Berlin knew the risks of flying over war-torn east Ukraine before Flight MH17 was shot out of the sky last year but did not inform German airlines, local media has reported.
Investigators are still trying to determine who was responsible for downing the Malaysia Airlines Boeing 777 in July last year, killing all 298 on board.
A diplomatic cable by Germany’s foreign ministry a few days before the crash warned the situation in eastern Ukraine was “worrying,” and a military plane was shot down in the same area at more than 6,000 metres altitude, broadcasters WDR and NDR said on Sunday.
The day of the MH17 crash “three Lufthansa aircraft also flew over the area, including one only 20 minutes before Flight MH17,” Suddeutsche Zeitung said in extracts of an article.
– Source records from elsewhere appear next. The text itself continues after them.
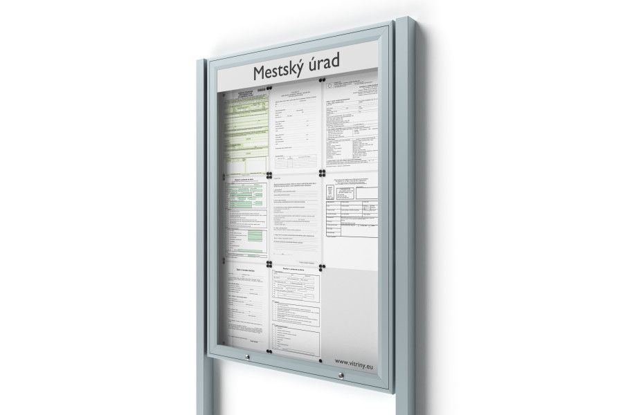 Zárható információs vitrin 9xA4 UP50 táblával és oszlopokkal
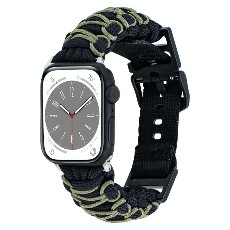 Για Apple Watch SE 2022 44mm Διπλό πλεγμένο λουρί ρολογιού με αγκράφα paracord (Ναυτικό Πράσινο Στρατού)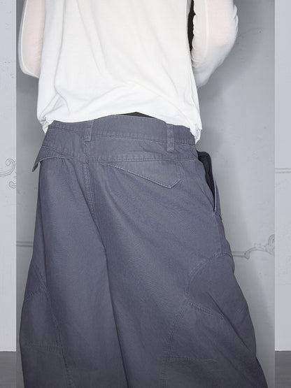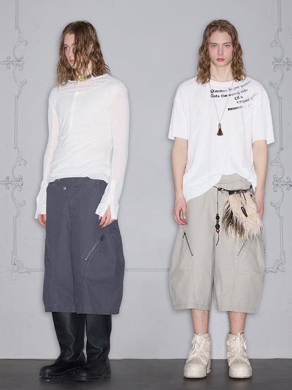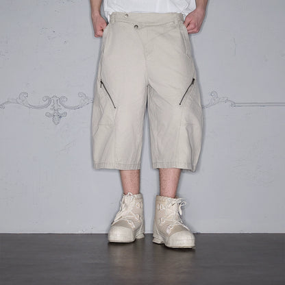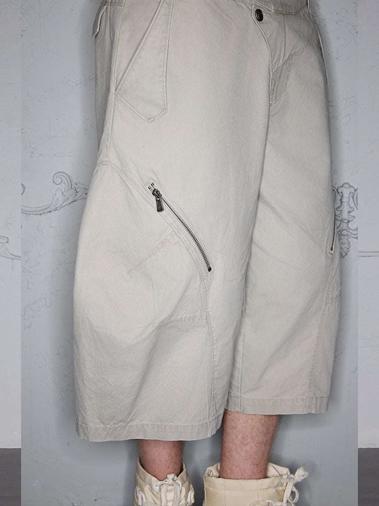 Asymmetrical Functional Deconstructed Curved Hem Cargo Half Pants WN18001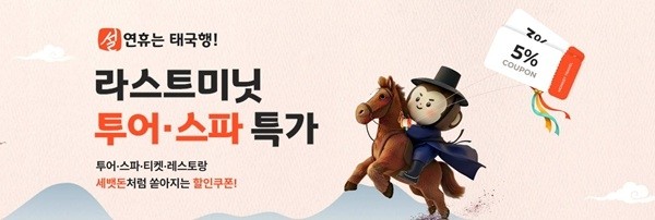 할인 혜택은 쿠폰 방식으로 제공된다. 기획전 대상 상품에 한해 최대 5% 할인 쿠폰을 무제한으로 발급받을 수 있으며, 상품별로 3% 또는 5% 쿠폰이 적용된다. 설 연휴 전까지 누구나 사용할 수 있어 출발이 임박한 일정에도 활용도가 높다.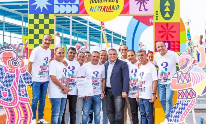 شهدت مدينة «نيفرلاند» الترفيهية بالغردقة احتفالية خاصة خلال عيد ميلادها الثالث، خصصتها لتكريم صناع النجاح الحقيقيين خلف هذا المشروع السياحي الضخم، حيث احتفت إدارة المدينة بجميع الكوادر المهنية والفنية والخدمية التي تعمل داخل المنظومة بروح فريق واحد جعل من نيفرلاند إحدى أهم الوجهات الترفيهية في الشرق الأوسط.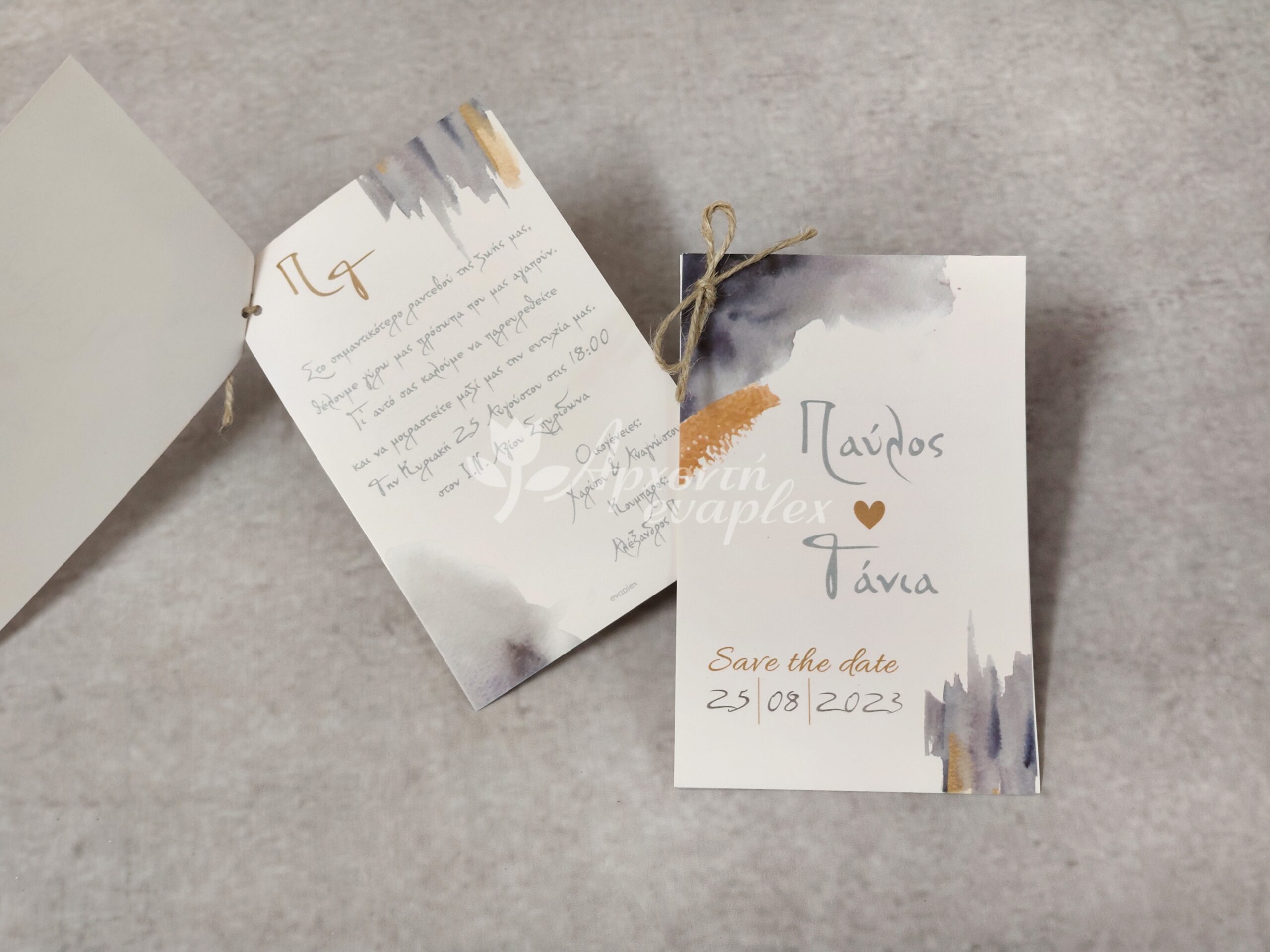Προσκλητήριο γάμου με διπλή κάρτα, δεμένη με φιογκάκι λινάτσας.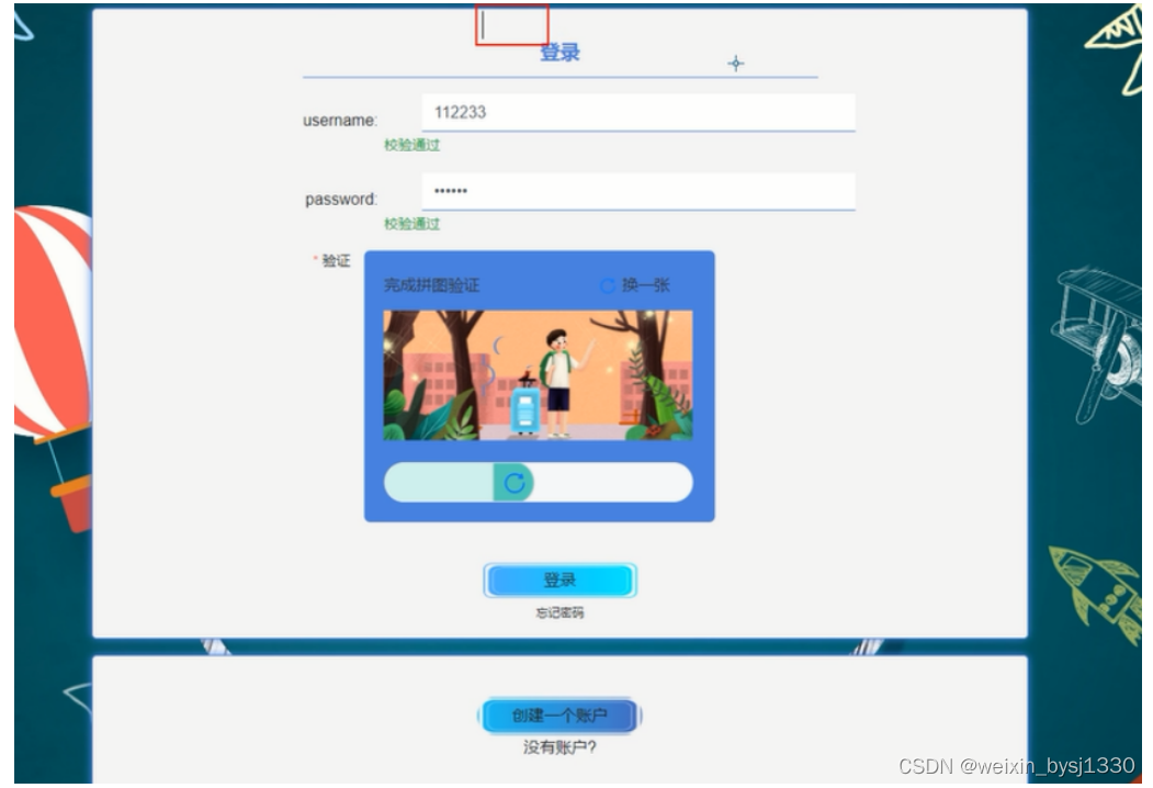 当用户注册完成后就可以登录了,输入用户名+密码,通过滑动图片验证后,点击“登录”按钮进行登录,登录界面如下图4-3所示。

Ukraine and the West have claimed that separatists shot down the plane using a BUK surface-to-air missile supplied by Russia — a charge denied by Moscow and the rebels, who have in turn blamed Kiev. Dutch authorities are heading an investigation into the causes of the accident.
Meanwhile, OSCE observers said Monday they witnessed the most intense shelling in the flashpoint eastern Ukrainian village of Shyrokyne since fighting began there in mid-February, as well as movement of heavy weapons.
The Organisation for Security and Cooperation in Europe, which is helping to monitor a ceasefire, said that explosions 300 metres from one of its observation posts forced its personnel to change location.